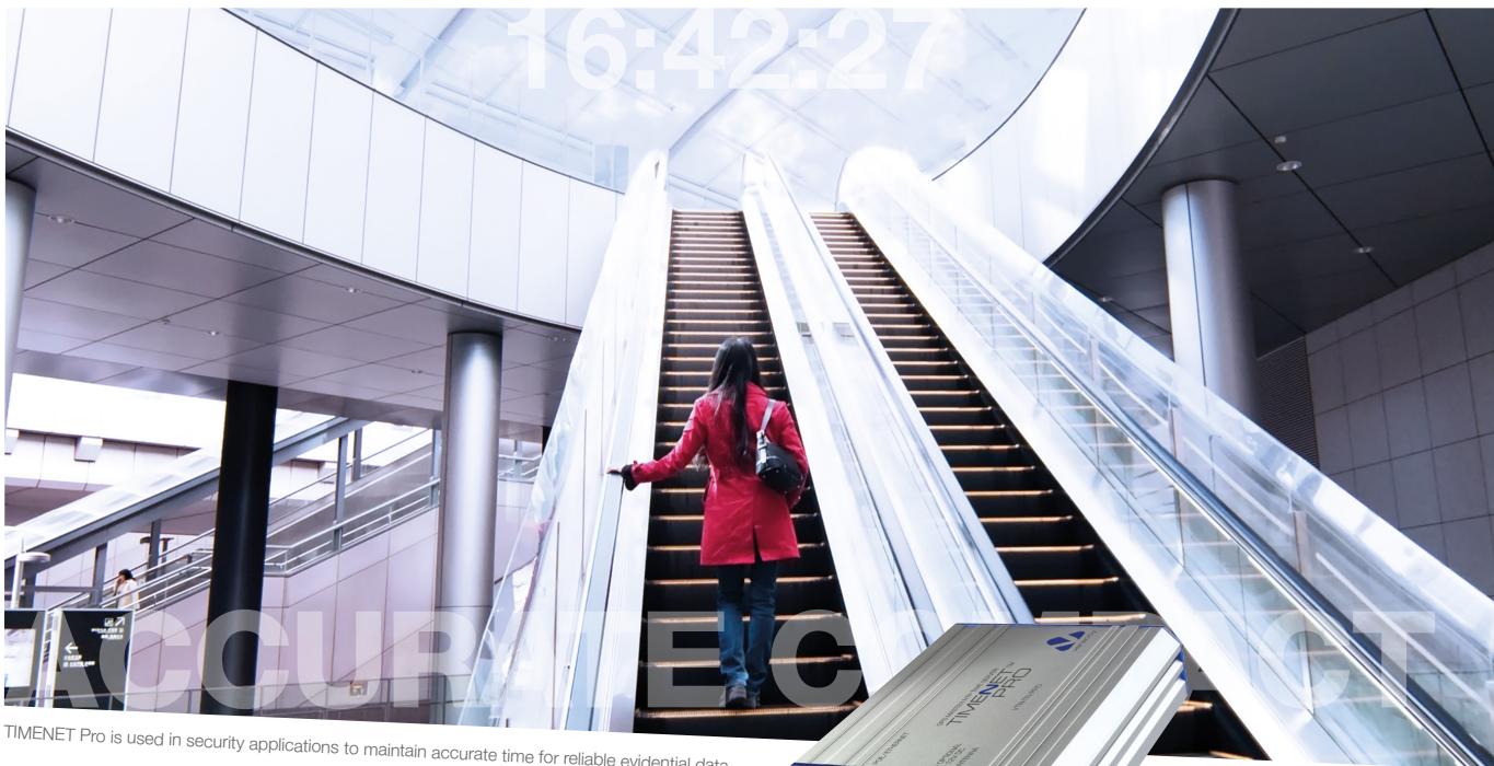
TIMENET Pro is used in security applications to maintain accurate time for reliable evidential data.

Accurate, low cost, extremely compact universal atomic clock reference for network time synchronisation
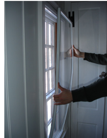
Interior storm panel.

Several retrofit measures perform as well as new replacement windows. Specifically, interior window panels, exterior storm windows and cellular blinds essentially match the energy savings of new, efficient replacement windows. (See energy savings comparison chart on Page 3.)
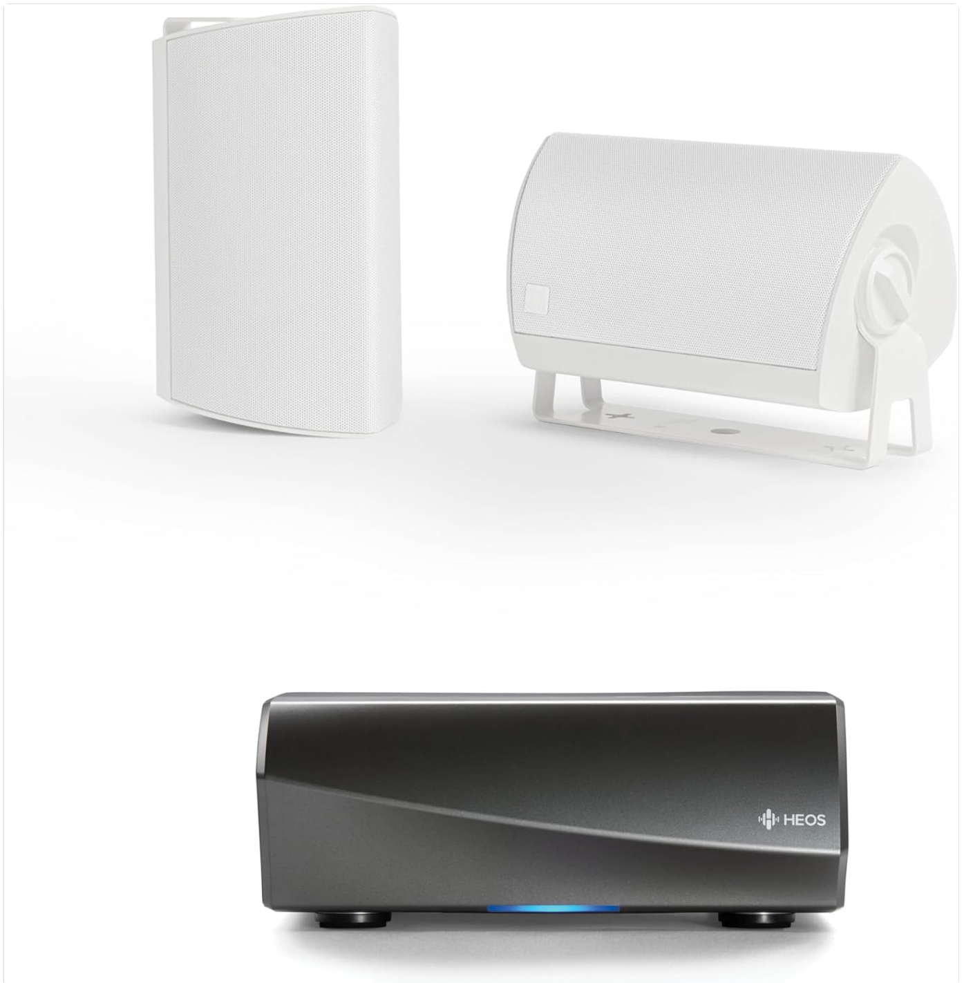
Image: A pair of white Definitive Technology AW-450 outdoor speakers shown alongside a black Denon HEOS Wireless Streaming Amplifier. This illustrates the complete system components.
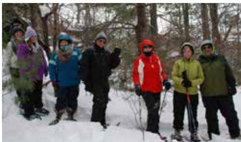
Your support helps maintain and build new trails, provide programs and events and manage preserves.

This list represents contributions made between January 1, 2015 and December 31, 2015. We value the contributions of all our donors and regret any errors or omissions. Please contact us if your name should appear on this list. Thank you for your generous and continuing support!
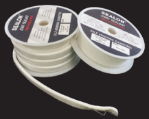
Gasket & Sealing Tapes
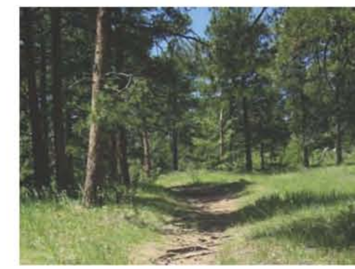
6. EROSION PROBLEMS ON EXISTING SOCIAL TRAIL
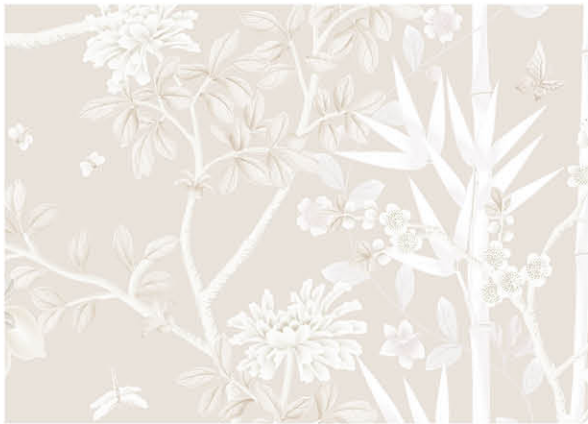
09 Pale Ivory on Textured Non-woven Paper
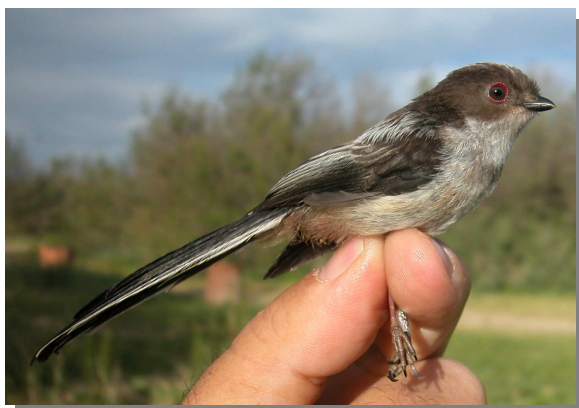
Long-tailed Tit. Juvenile (15-V).
========================================
ACTION ITEM :: Using the entries above, transcribe exactly from the line that has "Interior storm panel." through the line that has "Your support helps". Pictures are dropped.

RESPONSE BOX ::
Interior storm panel.

Several retrofit measures perform as well as new replacement windows. Specifically, interior window panels, exterior storm windows and cellular blinds essentially match the energy savings of new, efficient replacement windows. (See energy savings comparison chart on Page 3.)
Image: A pair of white Definitive Technology AW-450 outdoor speakers shown alongside a black Denon HEOS Wireless Streaming Amplifier. This illustrates the complete system components.
Your support helps maintain and build new trails, provide programs and events and manage preserves.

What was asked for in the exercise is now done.